Strong references are irrevelant. Nothing in this code is "kept" - these are all local, automatic variables, so they go out of existence as soon as the code runs. Only persistent references can make an object persist. An instance variable / property is an example of a persistent reference; it lives as long as the instance itself, unless of course you change its value. So the place to look is you instance variable, reportages.

You are saying:

Reportage *reportage = [self.reportages objectAtIndex:indexPath.row];

If there is no object at that index, there is no object at that index. It has nothing do with strong references. You need to think about where reportages is supposed to get its value.

It sounds from your use of the word "asynchronously" as if you might be setting reportages on a different thread from, and possibly actually later than, this code is running. That would be the issue.
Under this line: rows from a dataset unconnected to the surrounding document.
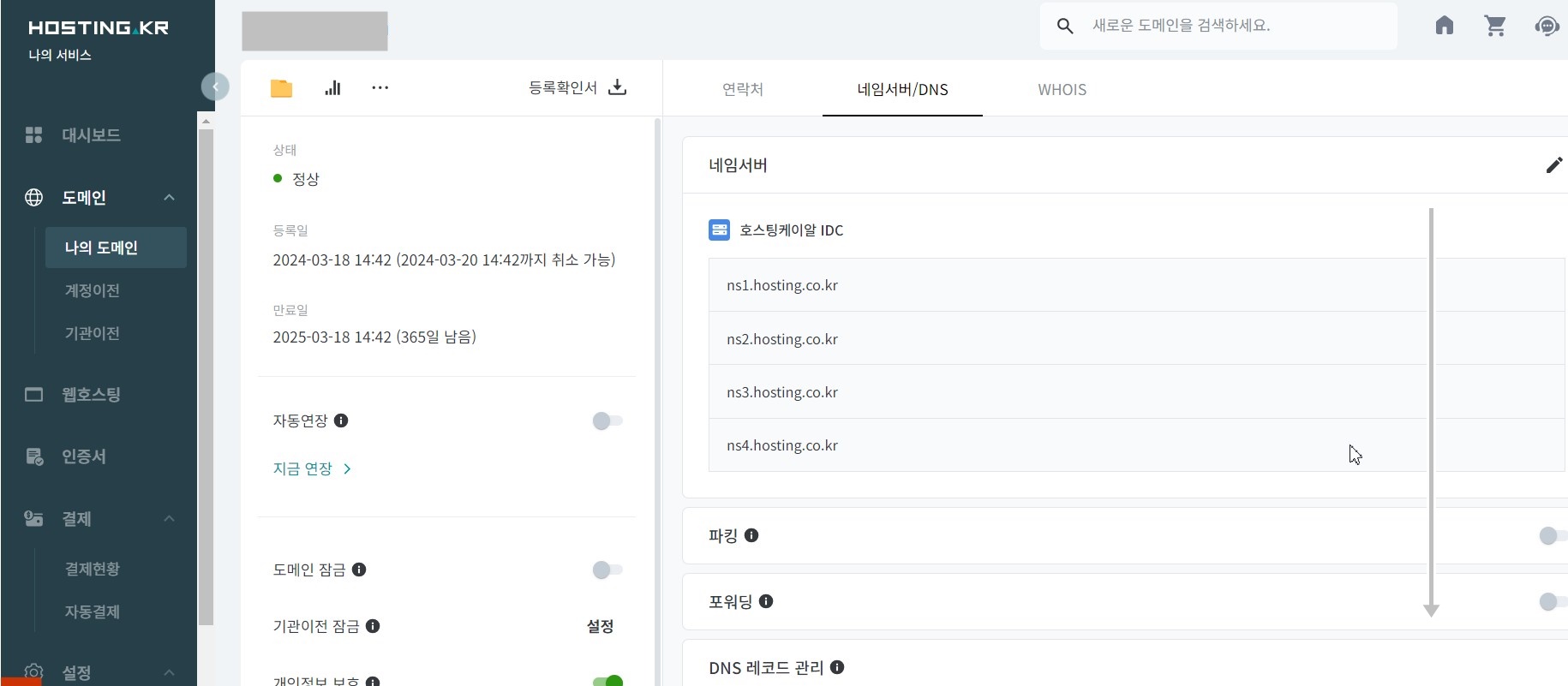 4. 호스팅 KR에서 구매한 도메인 주소를 기입한 후, 변경 사항을 저장 합니다.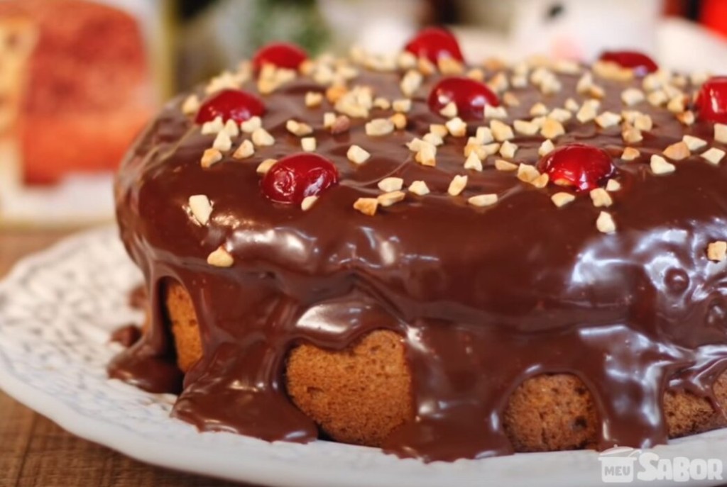- Espalhe a trufa por cima da Colomba e decore com as castanhas de caju e as cerejas.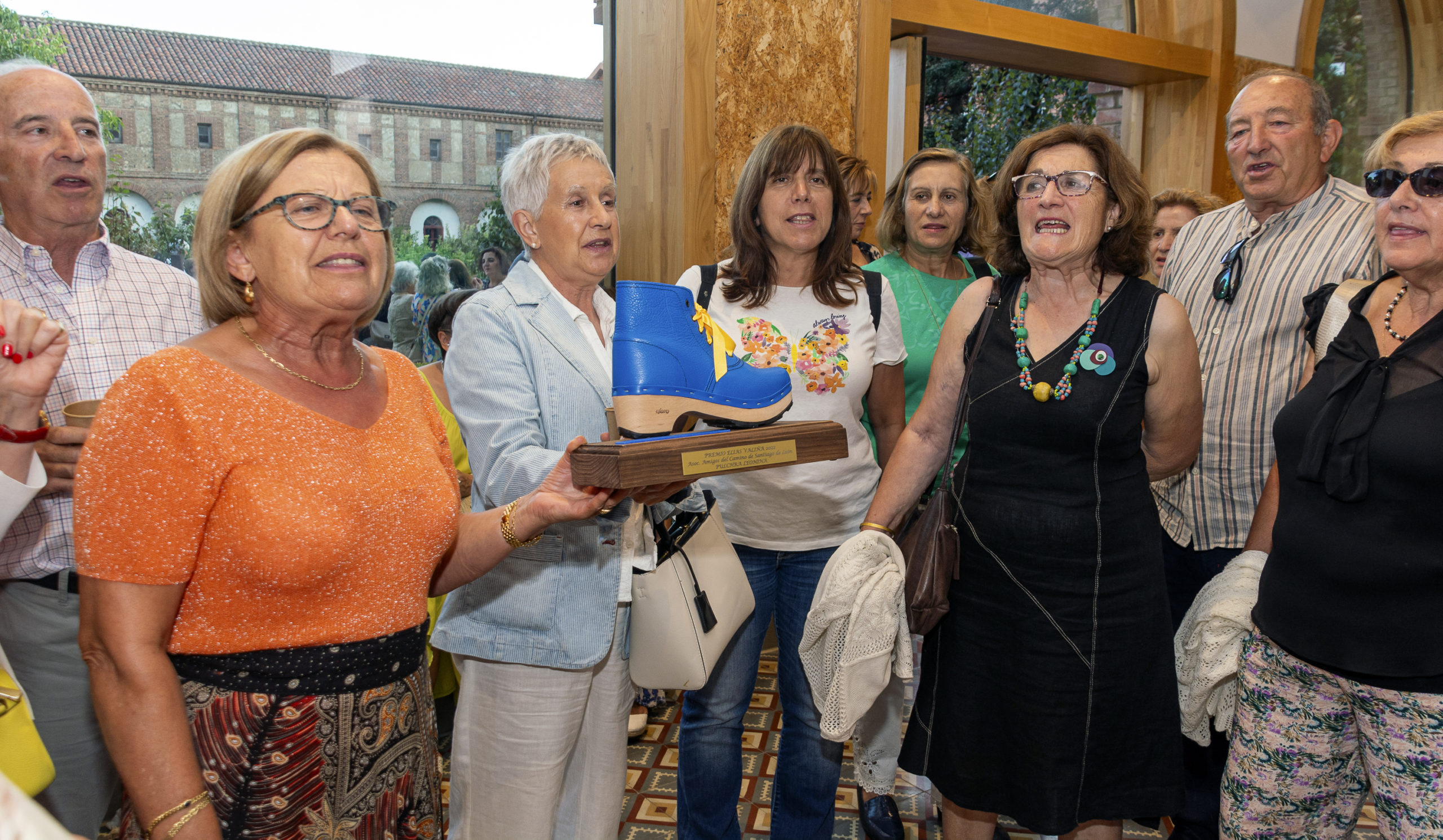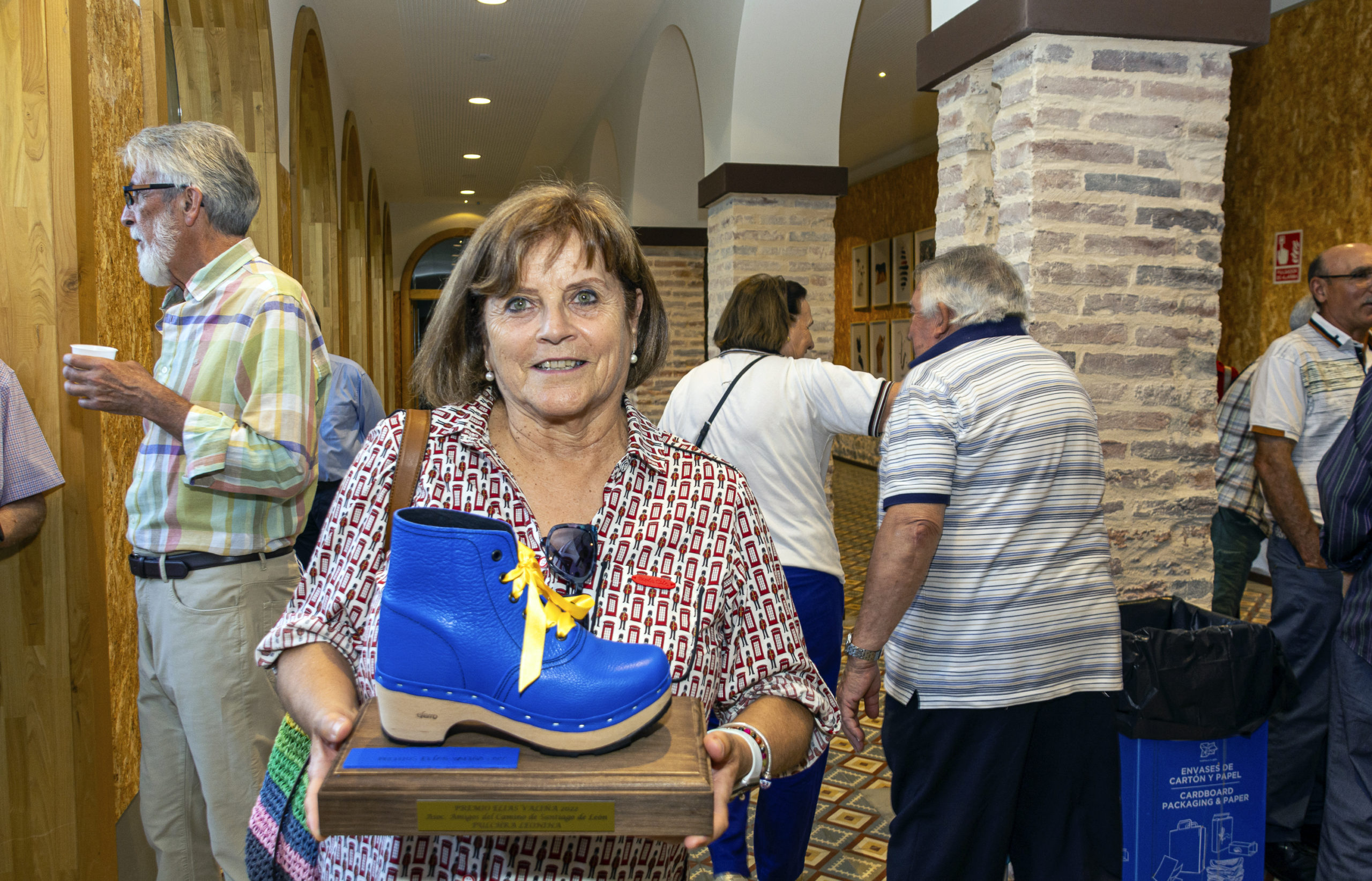 donde estuvo expuesto el zapato y el diploma, que acredita a nuestra asociación, como ganadores del premio Elías Valiñas del año 2022, y en torno a la mesa compartimos los alimentos y al mismo tiempo convivimos hablando del Camino de Santiago.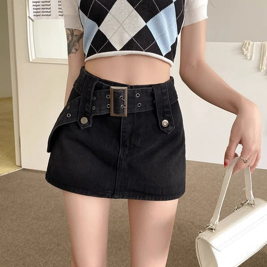 Waist Low Shorts Washed Pocket Denim Straight-Leg

You need to get your threading and order of events sorted out.

6 Comments

But the ReportageTeaserPanelViewController instance should still have a reference to reportage even if the array is emptied.
@AaronBrager But his code overwrites that reference with nil.
The object is in the index when I get it to launch the ReportageTeaserPanelViewController. But next, asynchronously, I reload the array in the parent which causes the object in ReportageTeaserPanelViewController be nil.
Yes, and that is what I am suggesting you need to get sorted out.
If there is no object at that index it's because the array is not that big, and he should get an array index out of bounds exception.